DOI: 10.24843/JH.2018.v22.i01.p31

ISSN: 2302-920X

Jurnal Humanis, Fakultas Ilmu Budaya Unud

Vol 22.1 Pebruari 2018: 207-213

Dampak Modernisasi Terhadap Sistem Pertanian Berbasis Tri Hita Karana di Desa Bugbug Karangasem-Bali

Octawinanda Muhadir¹*, A.A.Ayu Murniasih2

¹²Prodi Antropologi Fakultas Ilmu Budaya Unud 1[[email protected]] 2[[email protected]]

*Corresponding Author

Abstract

The essentially of Tri Hita Karana is a relationship built between human to the god, human to human and human to the nature. These three aspects are inseparable elements, and also inherent to the agricultural system in the Bugbug village. That’s three relationship is purpose to create a harmonious life. However, the elements of modernization entering into the life of the community in Bugbug village and causing some impact. This research is interesting to be investigated further with the formulation of the problem (1) How is the agriculture system based Tri Hita Karana in the Bugbug village and, (2) What is the impact of modernization on agricultural system based Tri Hita Karana in Bugbug village. As the purpose of this research is to know the system of agriculture based Tri Hita Karana in Bugbug village and to know the impact of the modernization of Tri Hita Karana based agriculture system in Bugbug village. The theory used is the theory of modernization by J.W Schoorl. The conculsion of this research is first, the agriculture system in the Bugbug village is categorized as a agriculture based Tri Hita Karana because the people still pay attention to the pattern of relationship between parhyangan, pawongan and palemahan aspect. Second, the entry of modernization elements into agriculture system based Tri Hita Karana raises a number of impact that divided into three aspects parhyangan, pawongan and palemahan.

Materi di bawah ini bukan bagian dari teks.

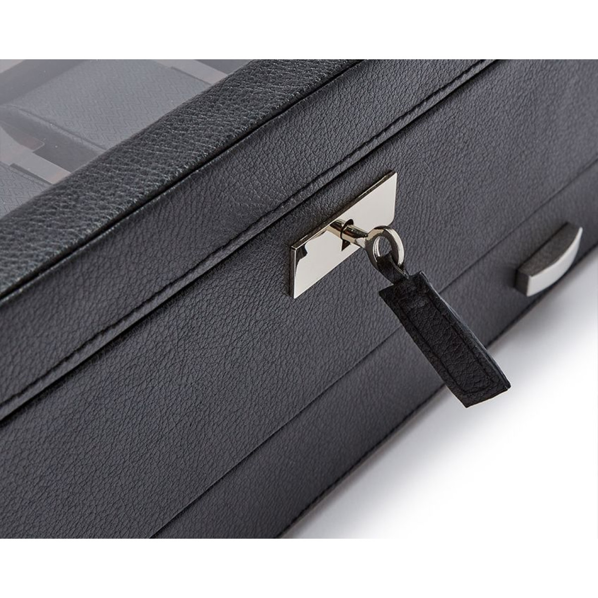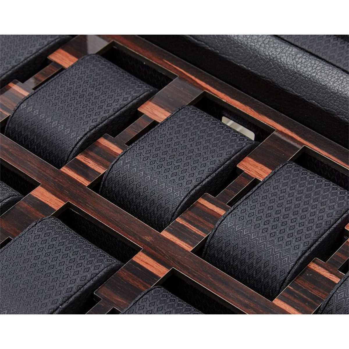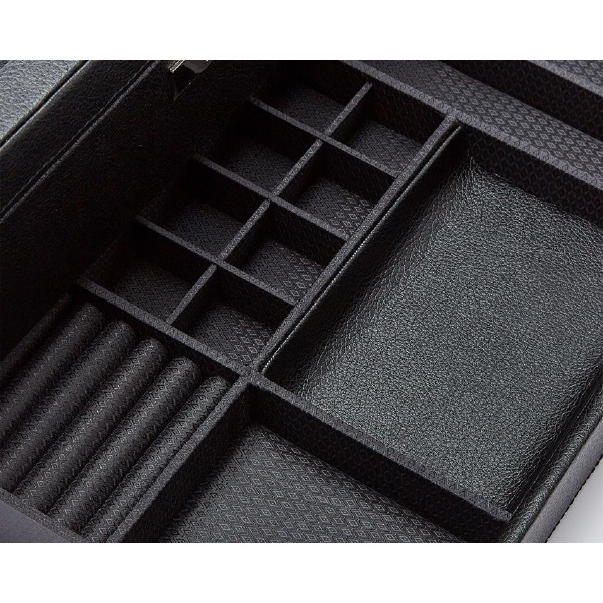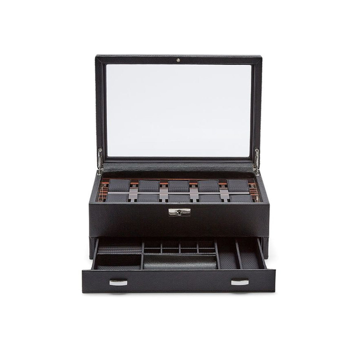 Θήκη ανδρικών κοσμημάτων. Οι ξύλινες λεπτομέρειες από έβενο και οι χρωμιωμένες μεταλλικές λεπτομέρειες είναι τα χαρακτηριστικά της σειράς Roadster - εμπνευσμένη από τα καλύτερα βρετανικά αυτοκίνητα, Jaguar, Aston Martin, Bristol και τα παρόμοια. Διαθέτει χώρους για αποθήκευση 10 ρολογιών και πολλές διαφορετικές υποδοχές για να οργανωθούν όλα τα αντρικά αξεσουάρ, όπως δαχτυλίδια και γραβατοπιάστρες, καρφίτσες γραβάτας καθώς και κοσμημάτων λαιμού και χεριού. Η θήκη επίσης διαθέτει άνοιγμα στο πίσω μέρος για να μπορείτε να φορτίσετε smart watch ενώ βρίσκονται μέσα στη θήκη. Επίσης οι υποδοχές για τα ρολόγια αιωρούνται για να έχουν τη μέγιστη προστασία.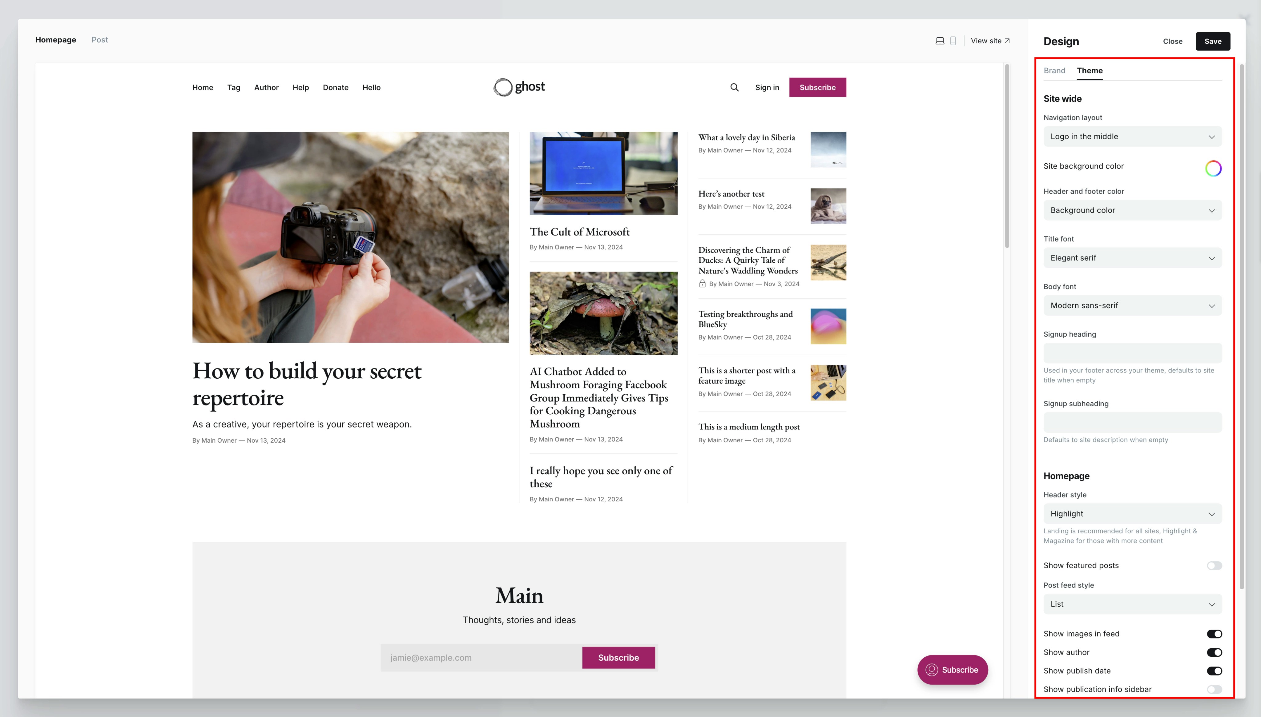 Theme settings fall under the Theme tab in Design & branding, and are grouped into one of three categories:- Site wide

Key words: Impact, Modernization, Agriculture System and Tri Hita Karana.

  • 1.    Latar Belakang

Seiring dengan perkembangan zaman, pertambahan penduduk di Indonesia dari waktu ke waktu juga kian meningkat hingga tanpa terasa berimplikasi pada peningkatan kebutuhan hidup seperti: bahan pangan, sarana produksi serta berbagai kelembagaan ekonomi dan sosial yang dibutuhkan oleh penduduk. Hasil surve BPS pada tahun 2015 menunjukkan bahwa Indonesia merupakan salah satu negara penyumbang angka pertumbuhan

penduduk tertinggi nomer 4 di dunia dengan jumlah penduduk 255,708,785 atau sekitar 3,49% dari jumlah penduduk dunia.

Dalam konteks pangan, perkembangan kuantitas penduduk Indonesia membawa dampak pada perubahan kebutuhan dan produksi pangan nasional. Kebutuhan pangan bertambah seiring pertambahan jumlah penduduk. Berdasarkan artikel on-line www.kompasiana.com yang diakses pada 13 Juli 2016 menyinggung hal menarik

mengenai masalah ketahanan pangan nasional, ternyata konsumsi beras per kapita di Indonesia tergolong tinggi di tingkat dunia. Diperkirakan rata–rata konsumsi beras per kapita mencapai sekitar 139 kg per tahun, dengan jumlah penduduk sekitar 255 juta jiwa, setidaknya dibutuhkan 34 juta ton beras per tahun.

Makanan atau pangan merupakan kebutuhan yang paling mendasar (primer) bagi kelangsungan hidup manusia dan mahluk hidup lainnya. Dalam rangka memenuhi kebutuhan tersebut kerap pula diiringi dengan munculnya berbagai jenis kebutuhan lain sebagai penunjang (sekunder), misalnya dalam rangka memenuhi kebutuhan makanan manusia juga membutuhkan adanya kerjasama dengan sesamanya. Sehubungan dengan itu lahirlah berbagai bentuk kelompok atau organisasi, seperti muang fai di Thailand, zangera di Filiphina Utara dan di Indonesia khususnya di Bali terdapat Subak (Pitana,1993:1).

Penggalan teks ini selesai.